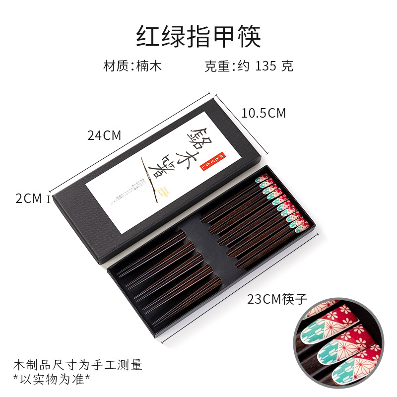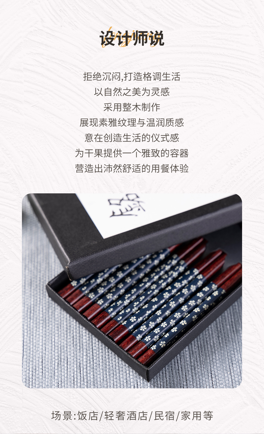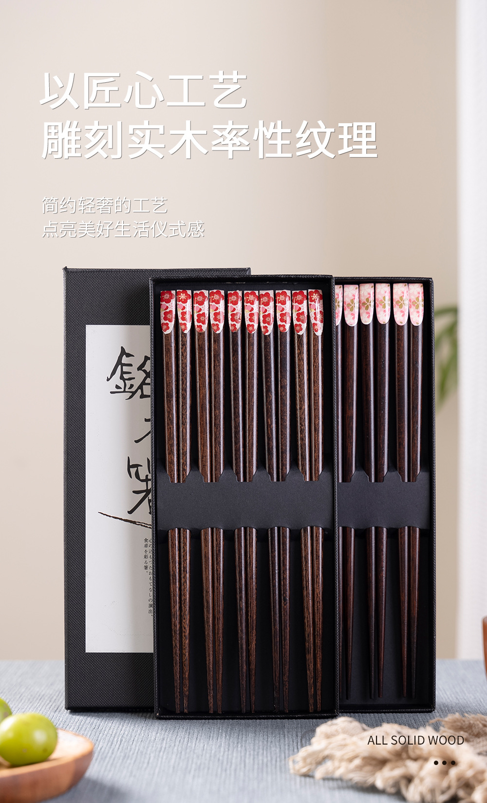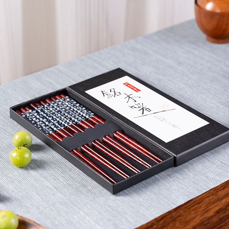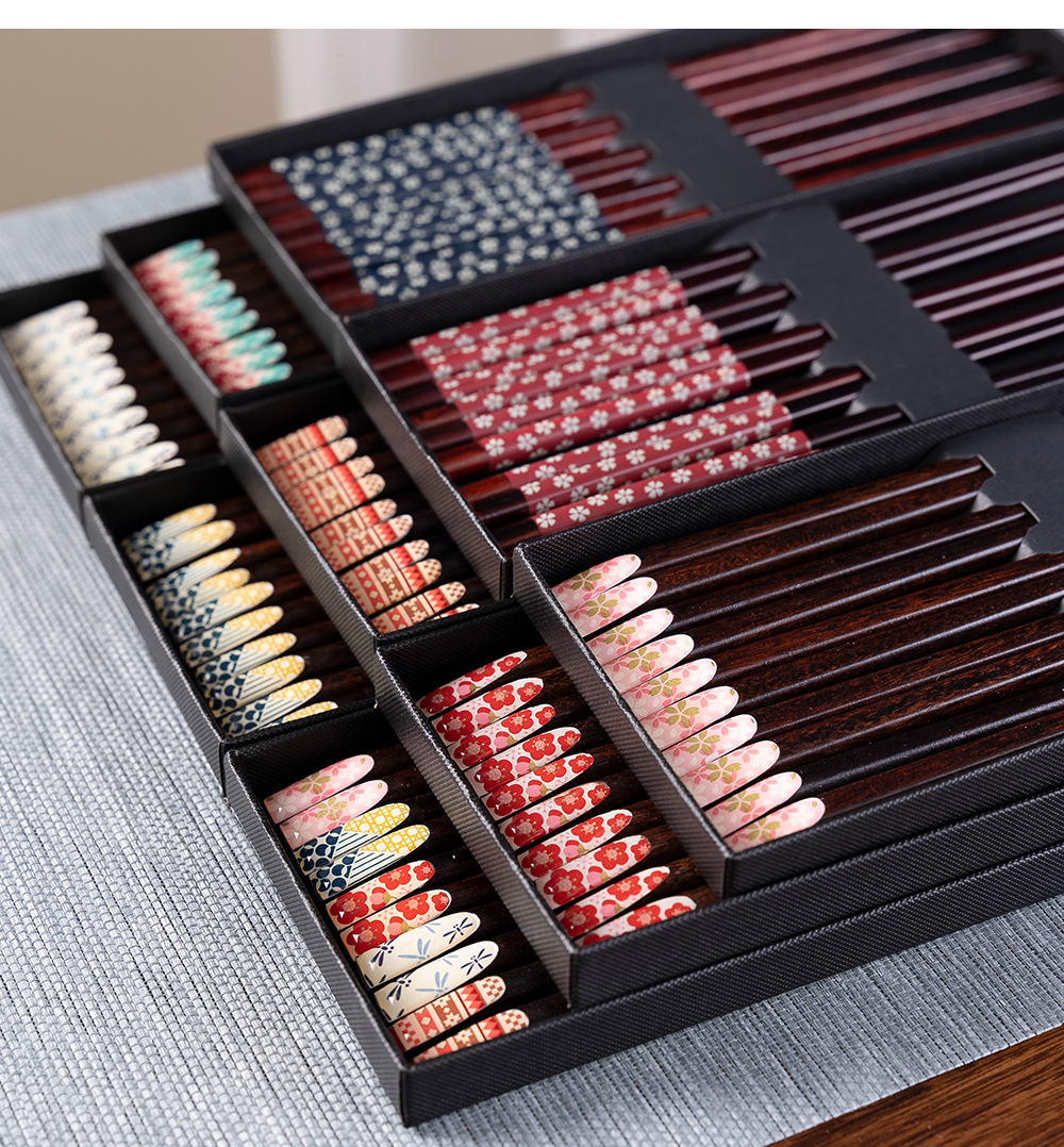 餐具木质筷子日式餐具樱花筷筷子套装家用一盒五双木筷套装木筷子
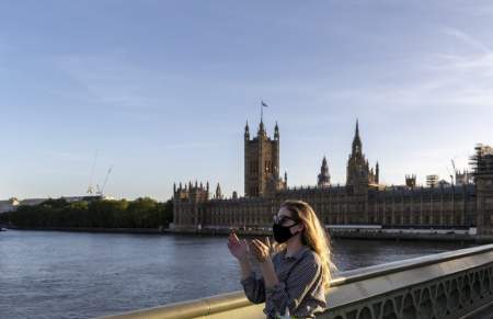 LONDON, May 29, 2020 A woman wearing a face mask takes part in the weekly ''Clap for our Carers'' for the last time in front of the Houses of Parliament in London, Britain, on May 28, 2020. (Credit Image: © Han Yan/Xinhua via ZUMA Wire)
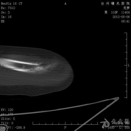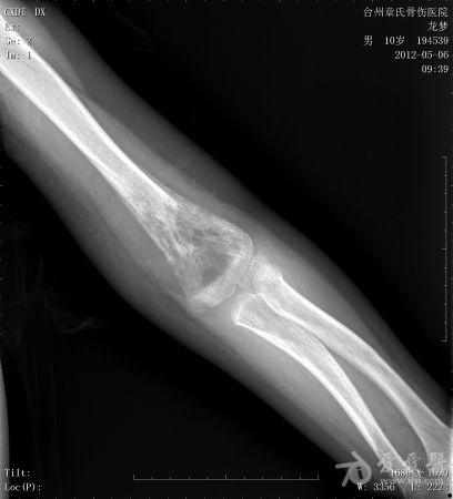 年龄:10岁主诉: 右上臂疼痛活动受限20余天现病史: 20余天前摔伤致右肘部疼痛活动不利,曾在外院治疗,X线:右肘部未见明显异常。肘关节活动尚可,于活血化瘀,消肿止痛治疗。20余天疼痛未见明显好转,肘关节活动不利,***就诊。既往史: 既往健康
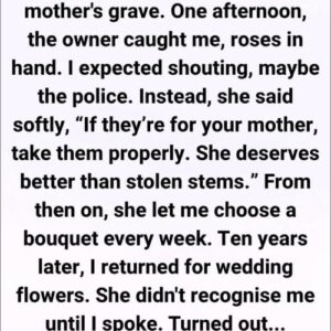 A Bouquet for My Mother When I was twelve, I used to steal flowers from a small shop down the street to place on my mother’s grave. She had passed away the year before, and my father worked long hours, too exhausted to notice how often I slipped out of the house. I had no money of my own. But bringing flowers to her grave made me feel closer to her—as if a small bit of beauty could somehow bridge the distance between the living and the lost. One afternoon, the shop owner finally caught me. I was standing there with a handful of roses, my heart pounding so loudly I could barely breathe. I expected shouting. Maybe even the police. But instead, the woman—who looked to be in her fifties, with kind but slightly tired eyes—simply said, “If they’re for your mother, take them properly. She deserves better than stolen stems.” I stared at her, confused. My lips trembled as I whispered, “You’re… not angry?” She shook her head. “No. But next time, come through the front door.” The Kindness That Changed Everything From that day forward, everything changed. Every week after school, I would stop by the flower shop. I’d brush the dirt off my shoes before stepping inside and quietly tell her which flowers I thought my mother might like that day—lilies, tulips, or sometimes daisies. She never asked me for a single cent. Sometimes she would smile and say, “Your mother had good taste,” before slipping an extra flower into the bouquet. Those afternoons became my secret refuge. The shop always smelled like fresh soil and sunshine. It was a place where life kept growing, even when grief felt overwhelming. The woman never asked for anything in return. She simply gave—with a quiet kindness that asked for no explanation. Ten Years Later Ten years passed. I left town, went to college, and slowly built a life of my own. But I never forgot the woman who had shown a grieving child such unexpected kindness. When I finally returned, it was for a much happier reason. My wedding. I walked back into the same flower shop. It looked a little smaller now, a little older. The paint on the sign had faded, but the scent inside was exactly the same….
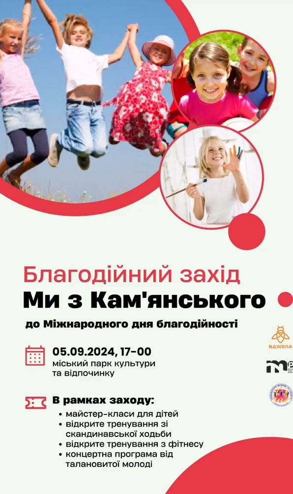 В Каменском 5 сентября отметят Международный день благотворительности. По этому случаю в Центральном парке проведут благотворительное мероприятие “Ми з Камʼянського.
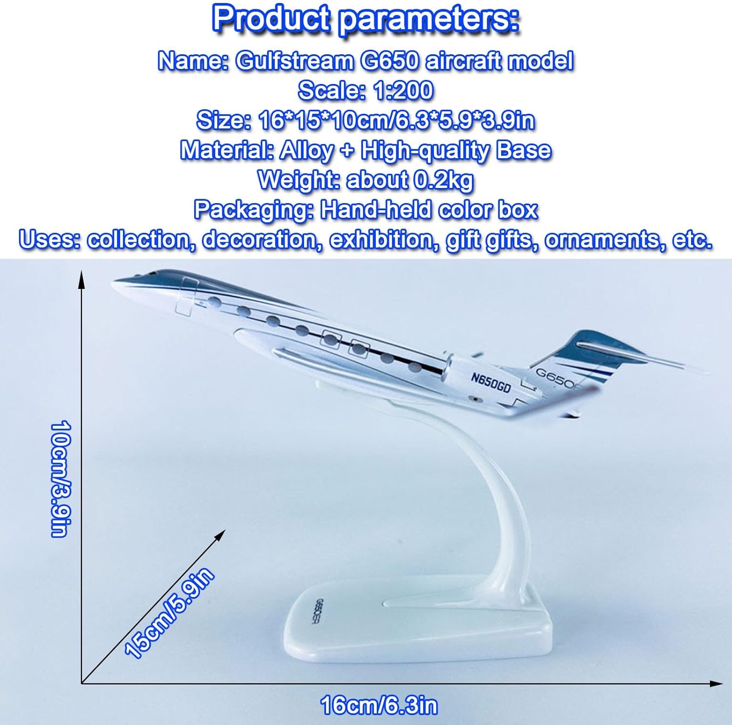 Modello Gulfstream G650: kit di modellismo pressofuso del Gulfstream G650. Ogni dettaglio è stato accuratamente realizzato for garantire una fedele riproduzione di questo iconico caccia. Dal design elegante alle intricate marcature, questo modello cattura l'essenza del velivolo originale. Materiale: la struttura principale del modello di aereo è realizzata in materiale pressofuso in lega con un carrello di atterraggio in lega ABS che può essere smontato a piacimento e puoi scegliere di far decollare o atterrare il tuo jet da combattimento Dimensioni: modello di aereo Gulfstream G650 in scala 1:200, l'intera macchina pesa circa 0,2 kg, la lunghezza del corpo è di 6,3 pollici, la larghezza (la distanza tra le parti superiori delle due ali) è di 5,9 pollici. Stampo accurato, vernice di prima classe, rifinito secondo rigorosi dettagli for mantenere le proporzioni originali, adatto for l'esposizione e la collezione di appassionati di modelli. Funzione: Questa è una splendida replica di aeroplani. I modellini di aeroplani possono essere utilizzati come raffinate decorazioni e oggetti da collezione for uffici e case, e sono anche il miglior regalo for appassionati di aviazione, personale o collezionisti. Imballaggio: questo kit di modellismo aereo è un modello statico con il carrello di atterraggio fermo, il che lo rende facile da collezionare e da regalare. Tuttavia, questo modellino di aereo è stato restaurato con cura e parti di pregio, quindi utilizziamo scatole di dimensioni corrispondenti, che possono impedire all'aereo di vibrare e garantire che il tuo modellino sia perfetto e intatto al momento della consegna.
········
**What this task involves**
A verbatim copy of the listing, with all pictures removed, is required.

**Answer box**
 餐具木质筷子日式餐具樱花筷筷子套装家用一盒五双木筷套装木筷子
 LONDON, May 29, 2020 A woman wearing a face mask takes part in the weekly ''Clap for our Carers'' for the last time in front of the Houses of Parliament in London, Britain, on May 28, 2020. (Credit Image: © Han Yan/Xinhua via ZUMA Wire)
 年龄:10岁主诉: 右上臂疼痛活动受限20余天现病史: 20余天前摔伤致右肘部疼痛活动不利,曾在外院治疗,X线:右肘部未见明显异常。肘关节活动尚可,于活血化瘀,消肿止痛治疗。20余天疼痛未见明显好转,肘关节活动不利,***就诊。既往史: 既往健康
 A Bouquet for My Mother When I was twelve, I used to steal flowers from a small shop down the street to place on my mother’s grave. She had passed away the year before, and my father worked long hours, too exhausted to notice how often I slipped out of the house. I had no money of my own. But bringing flowers to her grave made me feel closer to her—as if a small bit of beauty could somehow bridge the distance between the living and the lost. One afternoon, the shop owner finally caught me. I was standing there with a handful of roses, my heart pounding so loudly I could barely breathe. I expected shouting. Maybe even the police. But instead, the woman—who looked to be in her fifties, with kind but slightly tired eyes—simply said, “If they’re for your mother, take them properly. She deserves better than stolen stems.” I stared at her, confused. My lips trembled as I whispered, “You’re… not angry?” She shook her head. “No. But next time, come through the front door.” The Kindness That Changed Everything From that day forward, everything changed. Every week after school, I would stop by the flower shop. I’d brush the dirt off my shoes before stepping inside and quietly tell her which flowers I thought my mother might like that day—lilies, tulips, or sometimes daisies. She never asked me for a single cent. Sometimes she would smile and say, “Your mother had good taste,” before slipping an extra flower into the bouquet. Those afternoons became my secret refuge. The shop always smelled like fresh soil and sunshine. It was a place where life kept growing, even when grief felt overwhelming. The woman never asked for anything in return. She simply gave—with a quiet kindness that asked for no explanation. Ten Years Later Ten years passed. I left town, went to college, and slowly built a life of my own. But I never forgot the woman who had shown a grieving child such unexpected kindness. When I finally returned, it was for a much happier reason. My wedding. I walked back into the same flower shop. It looked a little smaller now, a little older. The paint on the sign had faded, but the scent inside was exactly the same….
 В Каменском 5 сентября отметят Международный день благотворительности. По этому случаю в Центральном парке проведут благотворительное мероприятие “Ми з Камʼянського.
 Modello Gulfstream G650: kit di modellismo pressofuso del Gulfstream G650. Ogni dettaglio è stato accuratamente realizzato for garantire una fedele riproduzione di questo iconico caccia. Dal design elegante alle intricate marcature, questo modello cattura l'essenza del velivolo originale. Materiale: la struttura principale del modello di aereo è realizzata in materiale pressofuso in lega con un carrello di atterraggio in lega ABS che può essere smontato a piacimento e puoi scegliere di far decollare o atterrare il tuo jet da combattimento Dimensioni: modello di aereo Gulfstream G650 in scala 1:200, l'intera macchina pesa circa 0,2 kg, la lunghezza del corpo è di 6,3 pollici, la larghezza (la distanza tra le parti superiori delle due ali) è di 5,9 pollici. Stampo accurato, vernice di prima classe, rifinito secondo rigorosi dettagli for mantenere le proporzioni originali, adatto for l'esposizione e la collezione di appassionati di modelli. Funzione: Questa è una splendida replica di aeroplani. I modellini di aeroplani possono essere utilizzati come raffinate decorazioni e oggetti da collezione for uffici e case, e sono anche il miglior regalo for appassionati di aviazione, personale o collezionisti. Imballaggio: questo kit di modellismo aereo è un modello statico con il carrello di atterraggio fermo, il che lo rende facile da collezionare e da regalare. Tuttavia, questo modellino di aereo è stato restaurato con cura e parti di pregio, quindi utilizziamo scatole di dimensioni corrispondenti, che possono impedire all'aereo di vibrare e garantire che il tuo modellino sia perfetto e intatto al momento della consegna.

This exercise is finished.